#### SUPPLIED DATA

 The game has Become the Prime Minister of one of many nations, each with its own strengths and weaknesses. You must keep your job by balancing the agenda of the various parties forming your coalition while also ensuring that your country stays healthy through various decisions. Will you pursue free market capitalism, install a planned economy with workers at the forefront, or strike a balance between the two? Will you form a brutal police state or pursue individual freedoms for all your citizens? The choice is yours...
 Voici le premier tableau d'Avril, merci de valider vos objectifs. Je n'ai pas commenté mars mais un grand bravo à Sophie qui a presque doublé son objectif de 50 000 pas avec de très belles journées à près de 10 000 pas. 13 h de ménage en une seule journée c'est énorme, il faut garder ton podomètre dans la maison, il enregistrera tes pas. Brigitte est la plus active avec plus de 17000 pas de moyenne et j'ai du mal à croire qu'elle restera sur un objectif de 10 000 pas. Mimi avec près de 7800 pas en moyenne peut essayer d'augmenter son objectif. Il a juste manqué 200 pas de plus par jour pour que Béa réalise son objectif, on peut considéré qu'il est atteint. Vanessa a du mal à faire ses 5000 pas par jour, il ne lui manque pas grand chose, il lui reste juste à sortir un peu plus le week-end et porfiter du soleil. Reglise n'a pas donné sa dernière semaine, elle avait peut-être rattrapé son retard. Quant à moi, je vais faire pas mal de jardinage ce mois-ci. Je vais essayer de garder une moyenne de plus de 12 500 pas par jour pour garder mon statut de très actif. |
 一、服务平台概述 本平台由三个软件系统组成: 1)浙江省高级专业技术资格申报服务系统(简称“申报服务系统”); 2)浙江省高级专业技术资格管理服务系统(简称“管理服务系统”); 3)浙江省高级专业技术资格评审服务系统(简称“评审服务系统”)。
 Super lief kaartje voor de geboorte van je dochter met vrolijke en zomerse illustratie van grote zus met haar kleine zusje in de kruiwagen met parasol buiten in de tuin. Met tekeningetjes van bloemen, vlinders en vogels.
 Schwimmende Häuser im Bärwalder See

########
#### SUPPLIED DATA

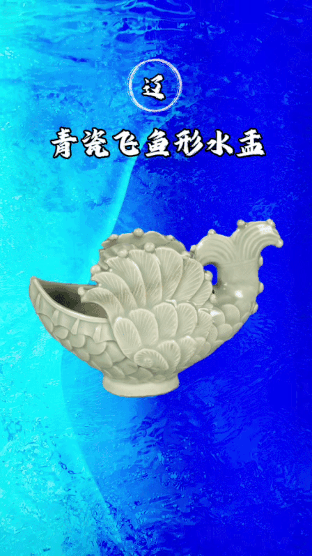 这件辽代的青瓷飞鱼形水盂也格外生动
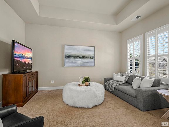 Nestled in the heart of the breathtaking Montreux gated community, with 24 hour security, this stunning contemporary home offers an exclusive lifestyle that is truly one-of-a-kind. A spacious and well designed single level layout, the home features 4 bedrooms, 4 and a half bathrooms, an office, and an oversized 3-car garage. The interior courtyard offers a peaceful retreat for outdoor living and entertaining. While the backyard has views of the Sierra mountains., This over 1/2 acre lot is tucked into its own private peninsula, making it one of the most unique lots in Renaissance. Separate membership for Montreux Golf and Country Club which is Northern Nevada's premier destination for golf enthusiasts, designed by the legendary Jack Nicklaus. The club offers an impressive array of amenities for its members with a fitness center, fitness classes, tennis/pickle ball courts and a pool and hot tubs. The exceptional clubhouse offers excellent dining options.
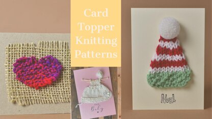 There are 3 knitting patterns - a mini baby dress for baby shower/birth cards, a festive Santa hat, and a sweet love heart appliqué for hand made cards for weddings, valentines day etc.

########
#### SUPPLIED DATA

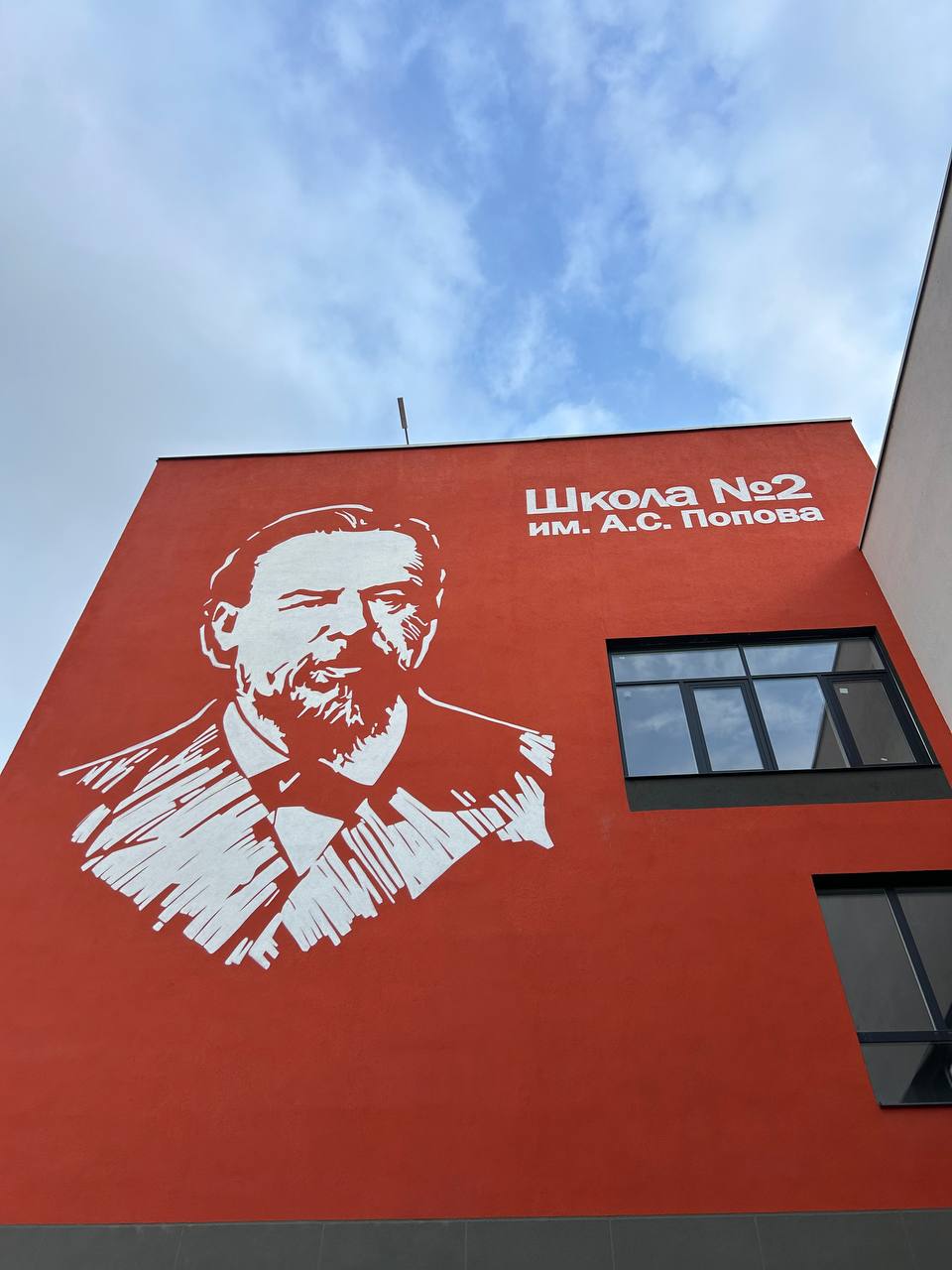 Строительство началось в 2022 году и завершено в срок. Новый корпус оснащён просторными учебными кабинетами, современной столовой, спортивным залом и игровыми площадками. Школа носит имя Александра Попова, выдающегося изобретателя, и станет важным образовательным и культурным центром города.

########

Whatever else the listing above holds, retype exactly only the lines from the one containing "The game has" to the one containing "Schwimmende Häuser im Bärwalder See", both ends kept.

> [ANSWER BELOW]:
 The game has Become the Prime Minister of one of many nations, each with its own strengths and weaknesses. You must keep your job by balancing the agenda of the various parties forming your coalition while also ensuring that your country stays healthy through various decisions. Will you pursue free market capitalism, install a planned economy with workers at the forefront, or strike a balance between the two? Will you form a brutal police state or pursue individual freedoms for all your citizens? The choice is yours...
 Voici le premier tableau d'Avril, merci de valider vos objectifs. Je n'ai pas commenté mars mais un grand bravo à Sophie qui a presque doublé son objectif de 50 000 pas avec de très belles journées à près de 10 000 pas. 13 h de ménage en une seule journée c'est énorme, il faut garder ton podomètre dans la maison, il enregistrera tes pas. Brigitte est la plus active avec plus de 17000 pas de moyenne et j'ai du mal à croire qu'elle restera sur un objectif de 10 000 pas. Mimi avec près de 7800 pas en moyenne peut essayer d'augmenter son objectif. Il a juste manqué 200 pas de plus par jour pour que Béa réalise son objectif, on peut considéré qu'il est atteint. Vanessa a du mal à faire ses 5000 pas par jour, il ne lui manque pas grand chose, il lui reste juste à sortir un peu plus le week-end et porfiter du soleil. Reglise n'a pas donné sa dernière semaine, elle avait peut-être rattrapé son retard. Quant à moi, je vais faire pas mal de jardinage ce mois-ci. Je vais essayer de garder une moyenne de plus de 12 500 pas par jour pour garder mon statut de très actif. |
 一、服务平台概述 本平台由三个软件系统组成: 1)浙江省高级专业技术资格申报服务系统(简称“申报服务系统”); 2)浙江省高级专业技术资格管理服务系统(简称“管理服务系统”); 3)浙江省高级专业技术资格评审服务系统(简称“评审服务系统”)。
 Super lief kaartje voor de geboorte van je dochter met vrolijke en zomerse illustratie van grote zus met haar kleine zusje in de kruiwagen met parasol buiten in de tuin. Met tekeningetjes van bloemen, vlinders en vogels.
 Schwimmende Häuser im Bärwalder See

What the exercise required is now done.